別のアクションを起こせるわけでは無い為、戦闘こそ起こるものの膠着状態が続くこの状況。
このままでは千日手で、どちらかの魔力が無くなるのを待つしか無らず、その点で言えば、流石に魔力を大量に使うクリスティーナの方が不利だろう。
それでも彼女は諦めない。
何故?
それは、兄に任されたのだから。
何度目か分からない攻防の中、不意に女の前に少量の水が現れる。
咄嗟のことに反応の遅れた女は、目潰ししのようなかたちで水貰ってしまい、その瞬間が大きな隙となった。
女は大きく動じるが反対にクリスティーナは動じない。
彼女はこうなることを知っていたからだ。
兄がそういう性格であると知っていたからだ。
簡単なことだ、状況が拮抗しているなら、横槍を入れて貰えばいい。
怯んだ女に向かって近付き、至近距離、おおよそ顔面の前で貯めた雷をぶちかますクリスティーナ。
雷は顔面を襲ながら水を伝い、女の眼球を焼いていく。
幾ら雷に対する耐性を持つとしても、彼女の耐性は眼球まで及ばない。
たったその一手により激痛と共に失明が女を襲う。
それは圧倒的な転換期だった。
確定的な瞬間であった。
自らの力だけで解決できなかった不足を嘆くとともにクリスティーナは小さくこの状況を打破した功労者に尊敬の念を表す。
「流石です」
と。
目を焼いたことにより、圧倒的に有利となったその瞬間クリスティーナは詠唱を始め、後ろに大きく距離を取る肉体強化魔法はすでに解いている。
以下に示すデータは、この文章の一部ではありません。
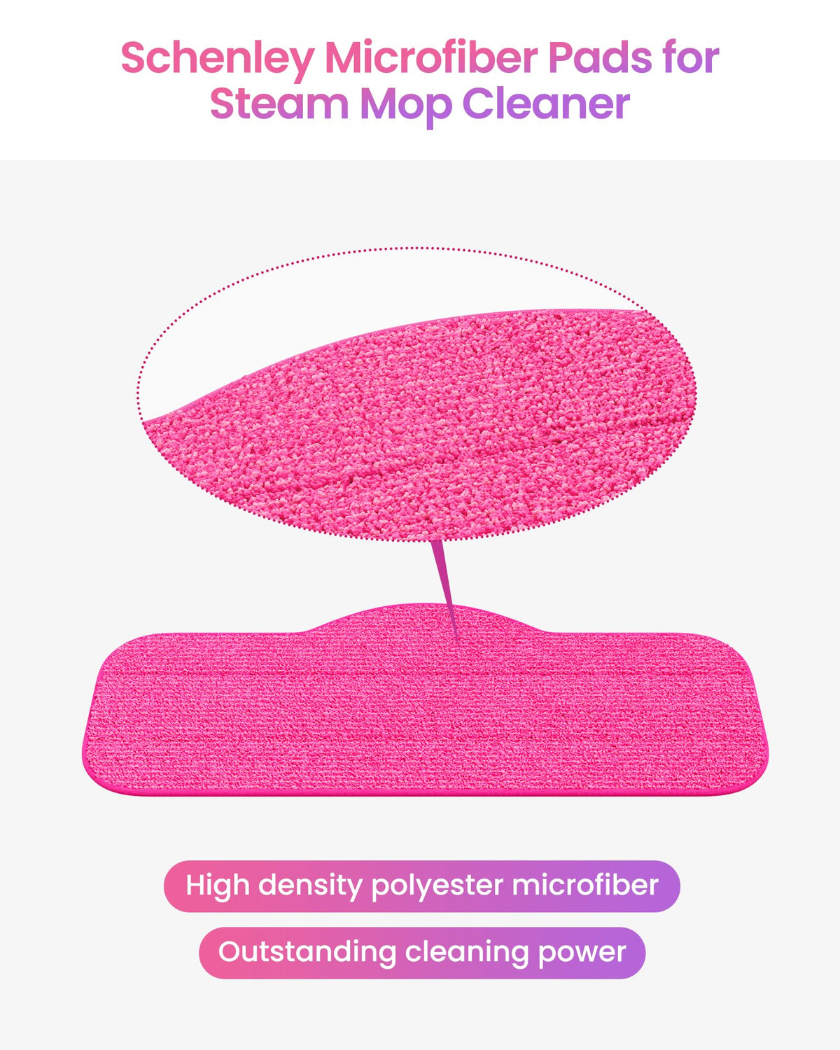 Schenley Hestia Steam Mop Microfiber Pads Are More Breathable And Absorbent Than Regular Polyester Pads. The High-Density Microfiber Has Outstanding Performance In Trapping Dirt, Dust, And Pet Dander, Providing Satisfying Cleaning Results. With Schenley Hestia Steam Mop Cleaner, The Microfiber Pads Allow You To Maintain The Same Cleaning Effect That You Can Get From High-Quality Floor Care Products While Protecting Your Floors From The Damage Caused By Cleaning Chemicals. Apart From Outperforming Cleaning Power, Schenley Microfiber Pads Also Have Excellent Durability. The Pads Have An Extended Of Over 1000 Hours Of Hard Use. Schenley Is Devoted To Delivering Aesthetic Products That Make Our Customers' Lives Easier. The Microfiber Pads Can Be Washed By Machine Using Cold-Water Washing And Tumble Dry, Providing You With A Simple And Graceful Cleaning Experience!

故意的に作られた隙は、出来なかったはずのことも選択肢に加えてくれた。
半永続化的な肉体強化も魅力的だったが、永続させるのに時間がかかってしまう。
ならば、選択は一択。
己の今出せる全ての力を詠唱に込め、利き手と共に振るわせる。
目を奪われた女の妨害は空を切り、クリスティーナには届かない。
雷を、早く、鋭く、轟かせる。
2門をフルに使ったクリスティーナの魔法は森の地形を編成させ、辺りを焦土と化した。
煙の所為で、辺りの様子は把握できないが、焼けた目も相まって女は戦闘不能であることは間違えない。
ならばと、女は捨て置き、今度は兄を援護する為に、もう1つの戦場へと振り返るクリスティーナが見たのは、
横たわり動かなくなったユークラウドだった。